Building effective hybrid search in OpenSearch: Techniques and best practices

OpenSearch provides a wide range of capabilities to support modern search needs, including traditional keyword-based techniques like lexical search using BM25 and more advanced methods like semantic and hybrid search. BM25 remains a reliable and efficient choice for many applications that rely on keyword relevance. Semantic search builds on this by using machine learning (ML) to capture meaning beyond keywords. Advanced hybrid techniques combine lexical and semantic approaches, using normalization methods like score-based and rank-based algorithms to balance and integrate scores from different search methods. These techniques progressively enhance search relevance and flexibility, catering to diverse search requirements in modern applications.

In this blog post, we’ll explore each of these techniques—lexical, semantic, and hybrid—and dive deep into how hybrid search works in OpenSearch.

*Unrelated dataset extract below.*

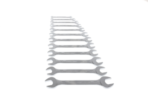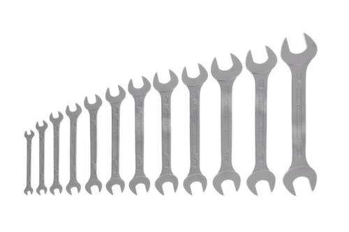 "longDescription": "Gängigste Größen im Set, Ausführung nach DIN 3110, ISO 3318, ISO 1085, ISO 10102, Mit flachen Köpfen, Blendfreie, mattierte Oberfläche, Maul: präzise auf exaktes Nennmaß geschliffen für optimale Kontaktflächen, Sicherer Griff durch schlanken Profilschaft, Überbelastung wird durch Verformung angezeigt, Hochwertige Industriequalität für harte Dauerbeanspruchung, Chrom-Vanadium-Stahl 31CrV3, verchromt<br>",

Comparing lexical and semantic search

Lexical and semantic search use different techniques to retrieve relevant documents. Here’s how they compare.

Lexical (BM25) search

BM25 is a probabilistic scoring algorithm used by default in OpenSearch. It’s provided as part of OpenSearch’s standard full-text search capabilities and is used in queries like multi_match, range, and term. BM25 supports field-level boosting and flexible matching, making it a versatile choice for many applications—from e-commerce product search to document retrieval.

Example request

The following request searches for the martian in the title field:

GET /bookstore_catalog/_search
{
  "query": {
    "match": {
      "title": "the martian"
    }
  }
}

Semantic search

Semantic search introduces ML and natural language processing to enhance search results. It uses dense vector embeddings to represent both documents and queries in a high-dimensional space. These embeddings capture the semantic meaning of the text, allowing the system to go beyond exact keyword matching.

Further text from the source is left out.